◆ **Task requirements**:
For this exercise, please return exactly the line containing "KaLynda and Kyle’s" and each line after it through the end of the records, with no pictures included.
━━━━━ Supplied material
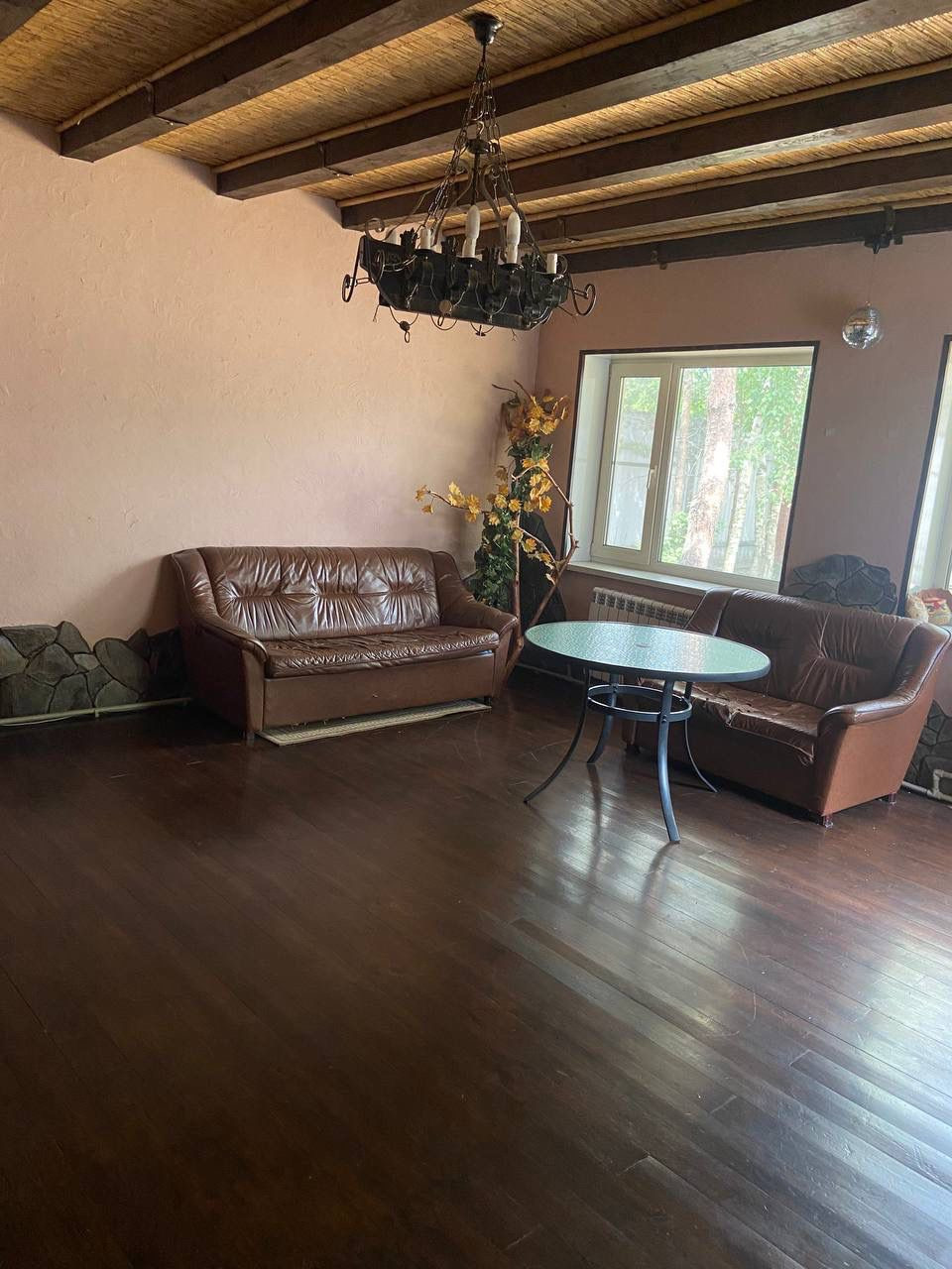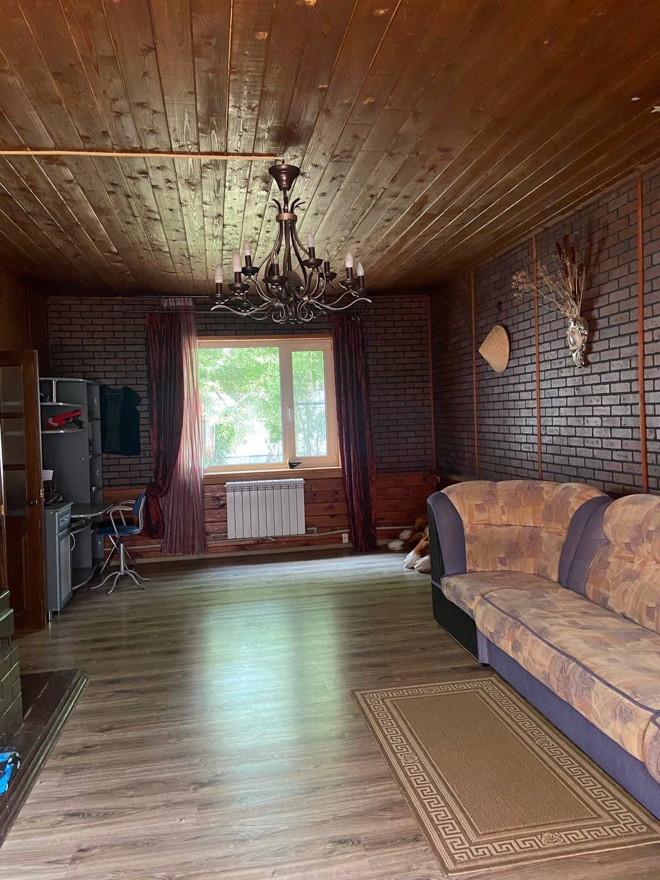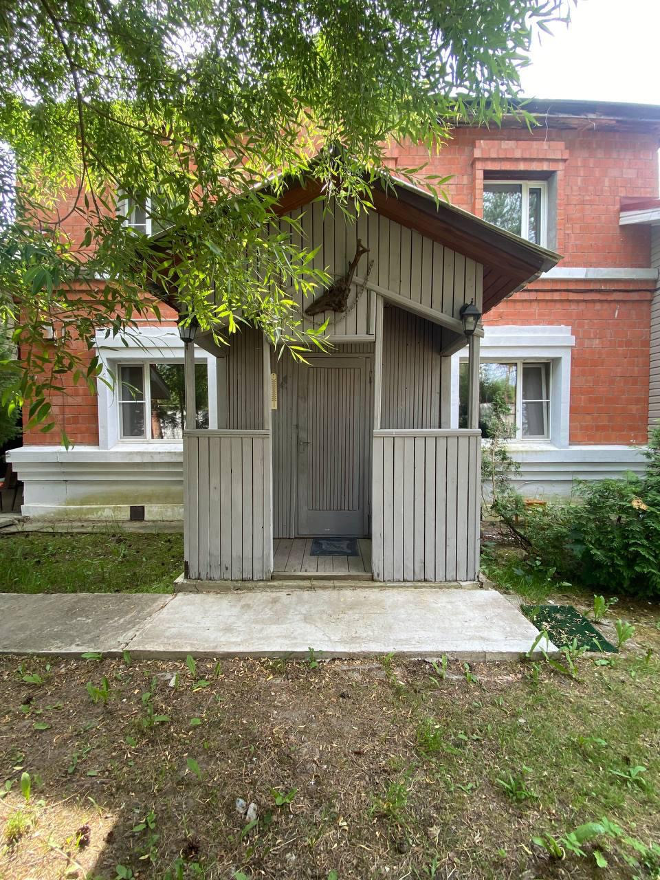 Дом построен из кирпича (кладка 1,5 кирпича), фундамент- бетонная плита. В доме 8 комнат, большая кухня-гостиная, котельная, 2 санузла,пристроен гараж. Отопление-котел, также есть камин и печь. Скважина 120 метров.На участке рубленая баня (6*8) с комнатой отдыха, гостевой дом, открытый бассейн, в дальней части участка пруд в тени сосен.
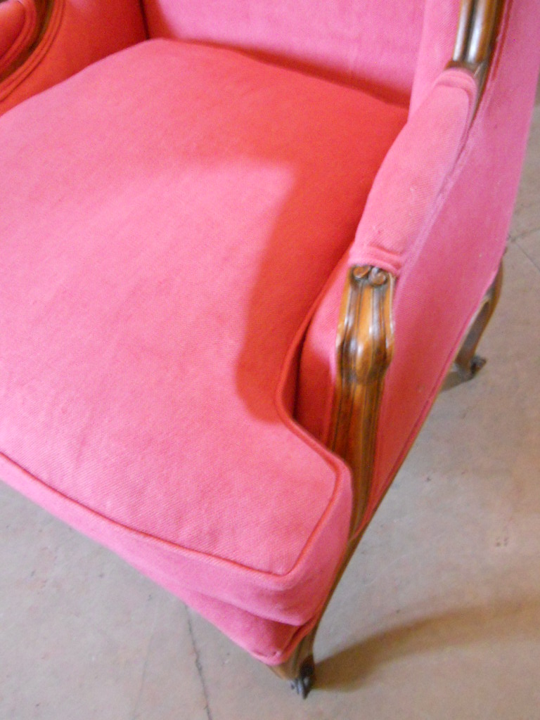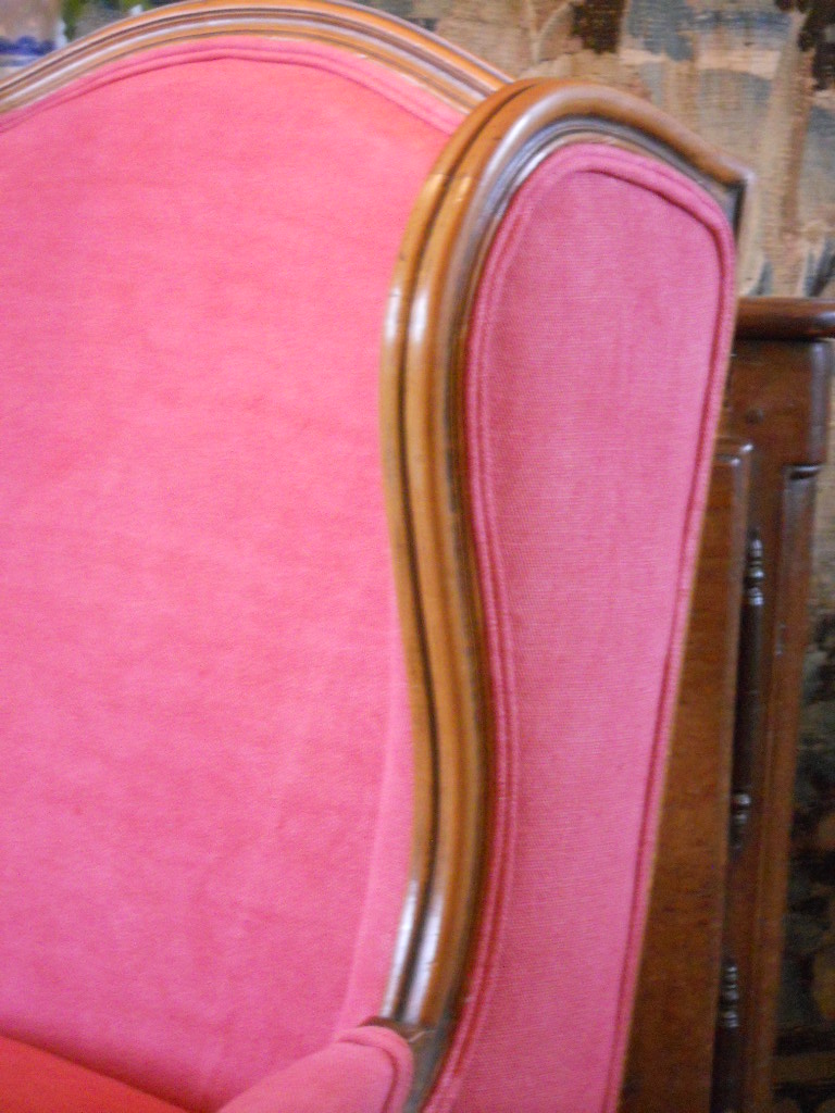 19th century french bergère upholstered in thick hand dyed "Framboise" linen SOLD
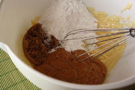1) Dans un grand bol, crémez votre faux-beurre ou votre margarine. Ajoutez le beurre d’arachide, le sucre à glacer, la cassonade et la vanille et bien mélanger.
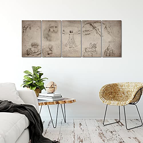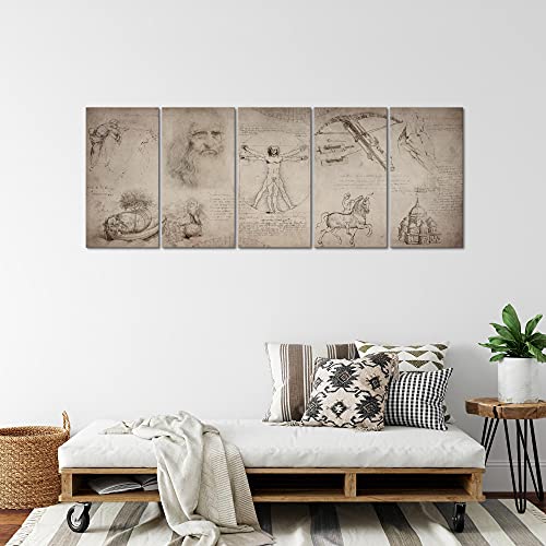 Runa Art Murali XXL Leonardo Da Vinci 200 x 80 cm Marrone 5 Pezzi - Made in Germany - 008955a
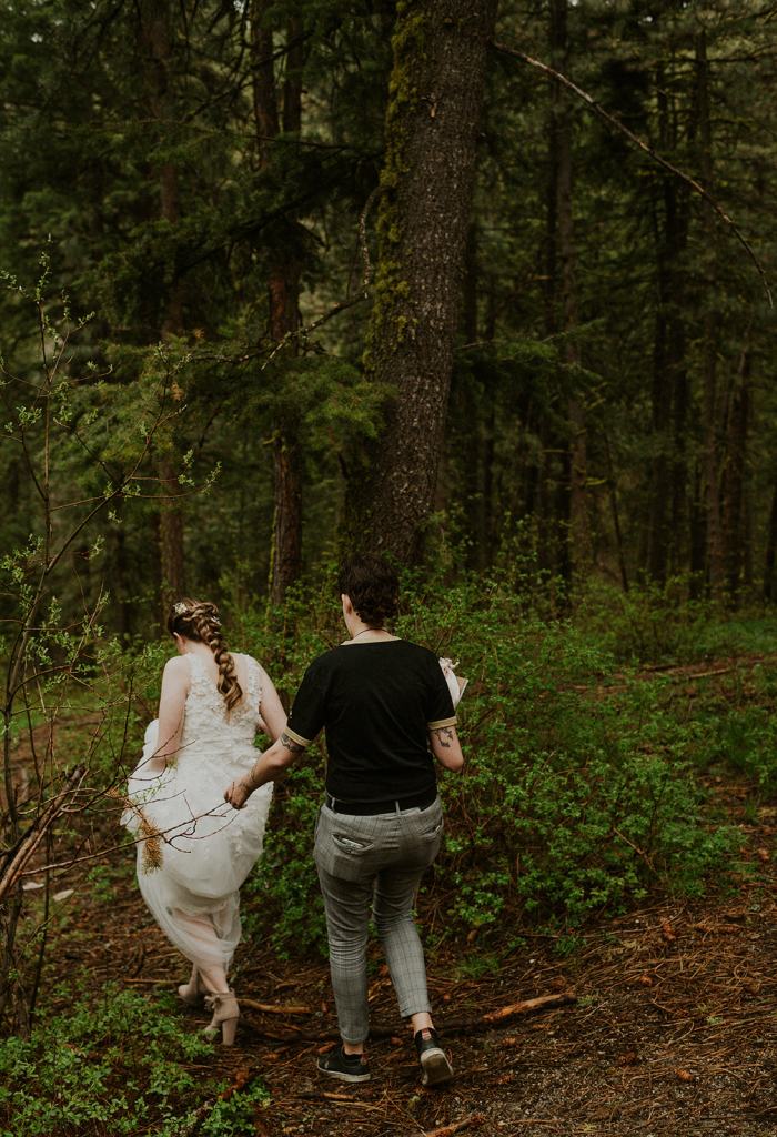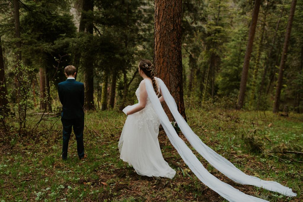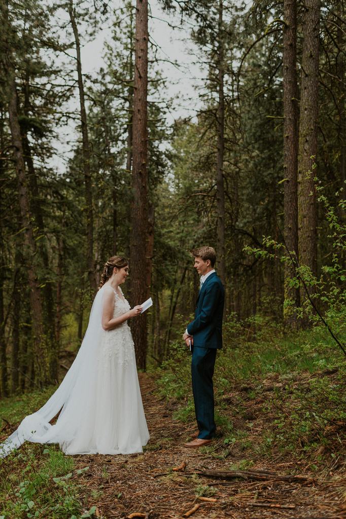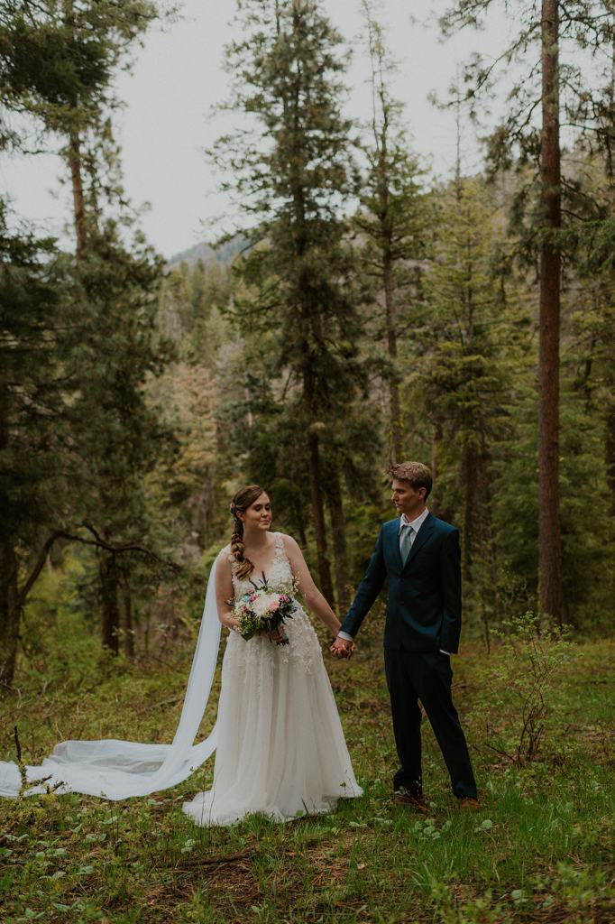 KaLynda and Kyle’s fairytale Boise Idaho Elopement in the Woods was unforgettable. Days before their wedding, K & K asked me if I might be available to photograph a private secret elopement before they celebrated with friends and family at Still Water Hollow. An adventure elopement felt more true to their love and personality as a couple, but they still wished to celebrate with a huge party. They are each a school teacher and filmmaker, so they definitely have romantic, huge hearts. Truly, I felt honored they wanted to include me in a special intimate moment before their wedding!
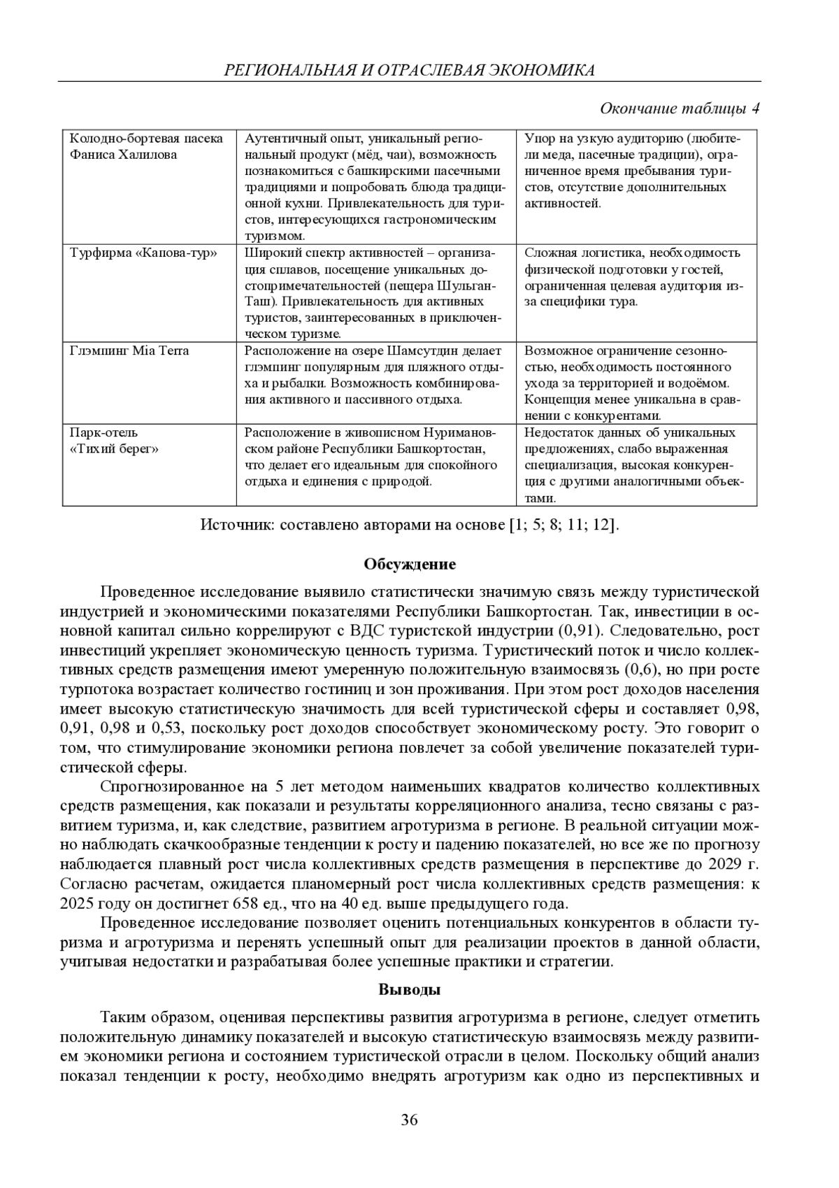 В статье проведен анализ влияния агротуризма на региональную конкурентоспособность. Полученные результаты свидетельствуют о наличии связи между туризмом и региональным экономическим развитием. Агротуризм как фактор повышения конкурентоспособности Республики Башкортостан, по мнению авторов, позволяет создавать уникальную форму туризма, диверсифицируя сельскохозяйственный сектор экономики региона
━━━━━━━━━━
◆ **Response**:
 KaLynda and Kyle’s fairytale Boise Idaho Elopement in the Woods was unforgettable. Days before their wedding, K & K asked me if I might be available to photograph a private secret elopement before they celebrated with friends and family at Still Water Hollow. An adventure elopement felt more true to their love and personality as a couple, but they still wished to celebrate with a huge party. They are each a school teacher and filmmaker, so they definitely have romantic, huge hearts. Truly, I felt honored they wanted to include me in a special intimate moment before their wedding!
 В статье проведен анализ влияния агротуризма на региональную конкурентоспособность. Полученные результаты свидетельствуют о наличии связи между туризмом и региональным экономическим развитием. Агротуризм как фактор повышения конкурентоспособности Республики Башкортостан, по мнению авторов, позволяет создавать уникальную форму туризма, диверсифицируя сельскохозяйственный сектор экономики региона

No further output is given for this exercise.